[[ Data section, beginning ]]
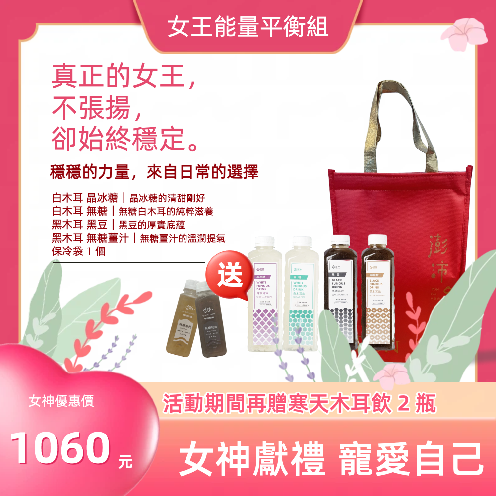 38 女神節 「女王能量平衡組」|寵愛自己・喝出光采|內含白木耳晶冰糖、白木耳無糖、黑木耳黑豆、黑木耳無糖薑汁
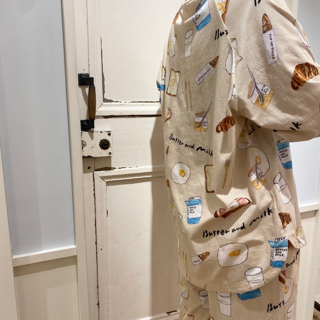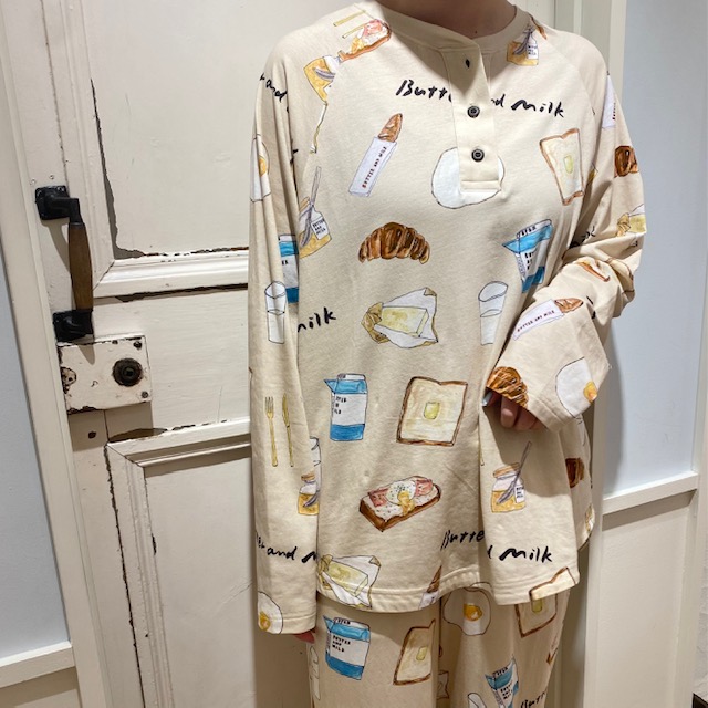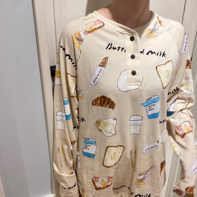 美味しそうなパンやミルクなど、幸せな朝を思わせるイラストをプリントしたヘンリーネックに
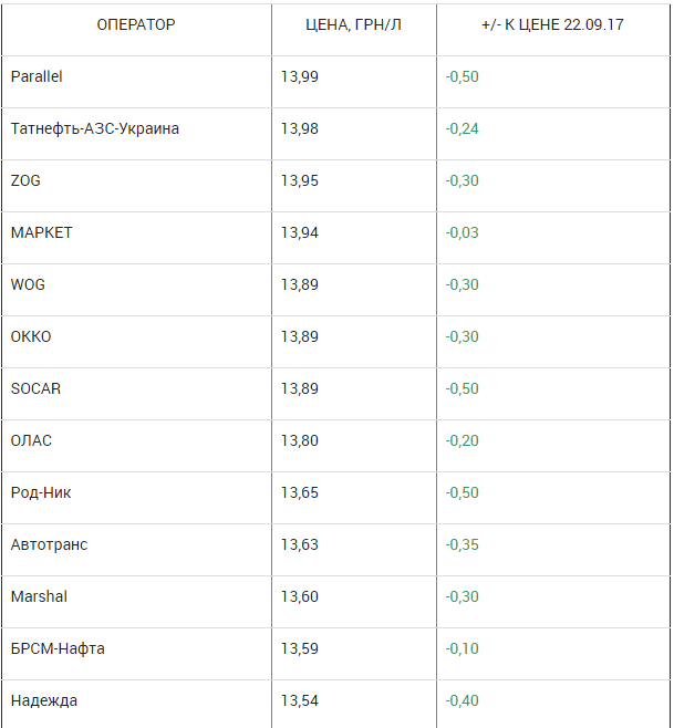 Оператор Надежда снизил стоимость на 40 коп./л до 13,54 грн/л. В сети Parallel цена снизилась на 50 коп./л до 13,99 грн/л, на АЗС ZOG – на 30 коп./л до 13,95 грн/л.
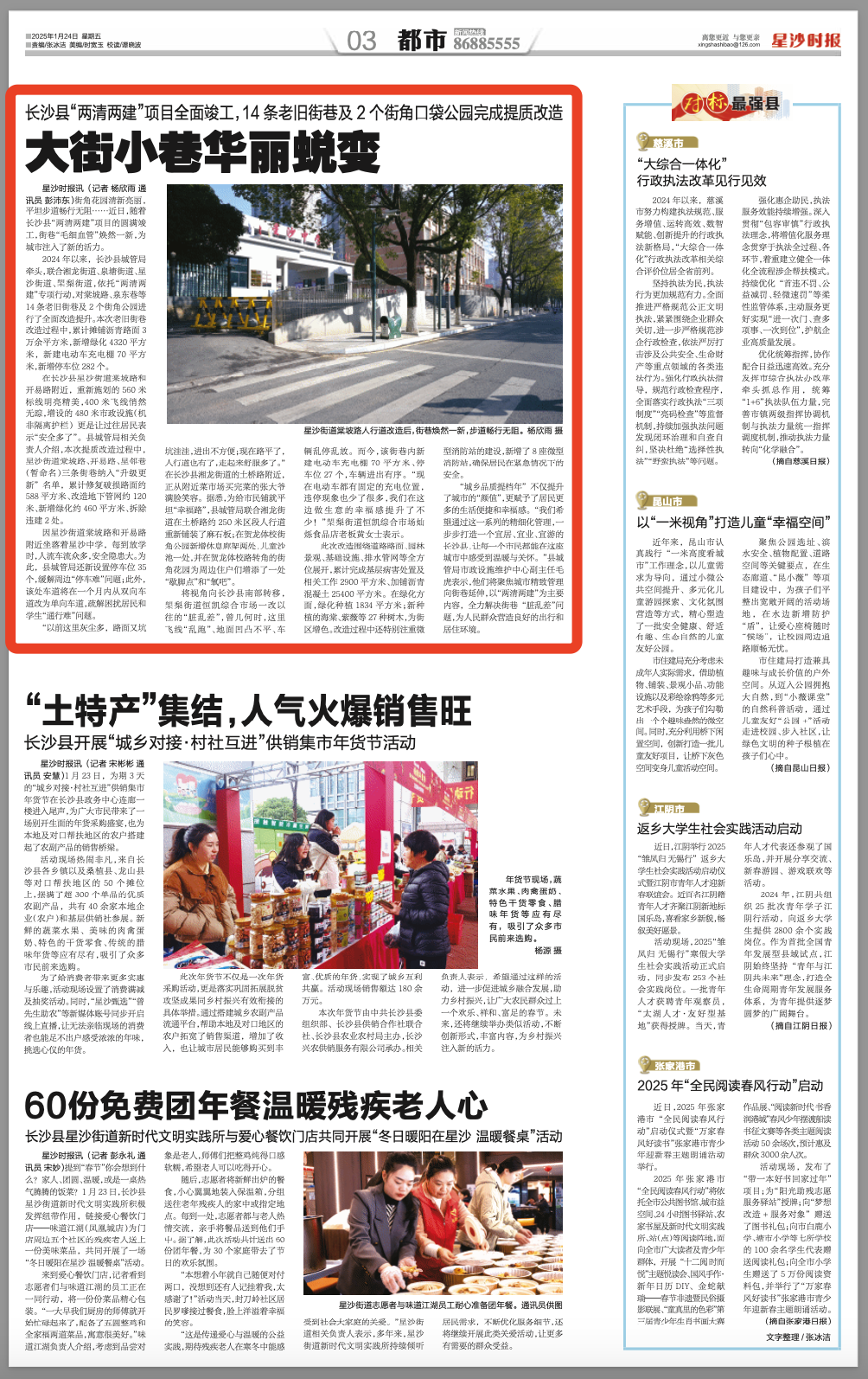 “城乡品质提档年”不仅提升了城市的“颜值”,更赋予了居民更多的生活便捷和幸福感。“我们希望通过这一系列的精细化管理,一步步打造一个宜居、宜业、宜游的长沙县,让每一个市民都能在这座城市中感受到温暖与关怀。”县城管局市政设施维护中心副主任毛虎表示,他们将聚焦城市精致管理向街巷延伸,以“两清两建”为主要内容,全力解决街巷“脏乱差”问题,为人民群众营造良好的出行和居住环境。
[[ Data section, end ]]
> [Problem]:
Transcribe exactly, and without any pictures, each line from the one that holds "美味しそうなパンやミルクなど" through the final line of the material above.

> [Task solution]:
 美味しそうなパンやミルクなど、幸せな朝を思わせるイラストをプリントしたヘンリーネックに
 Оператор Надежда снизил стоимость на 40 коп./л до 13,54 грн/л. В сети Parallel цена снизилась на 50 коп./л до 13,99 грн/л, на АЗС ZOG – на 30 коп./л до 13,95 грн/л.
 “城乡品质提档年”不仅提升了城市的“颜值”,更赋予了居民更多的生活便捷和幸福感。“我们希望通过这一系列的精细化管理,一步步打造一个宜居、宜业、宜游的长沙县,让每一个市民都能在这座城市中感受到温暖与关怀。”县城管局市政设施维护中心副主任毛虎表示,他们将聚焦城市精致管理向街巷延伸,以“两清两建”为主要内容,全力解决街巷“脏乱差”问题,为人民群众营造良好的出行和居住环境。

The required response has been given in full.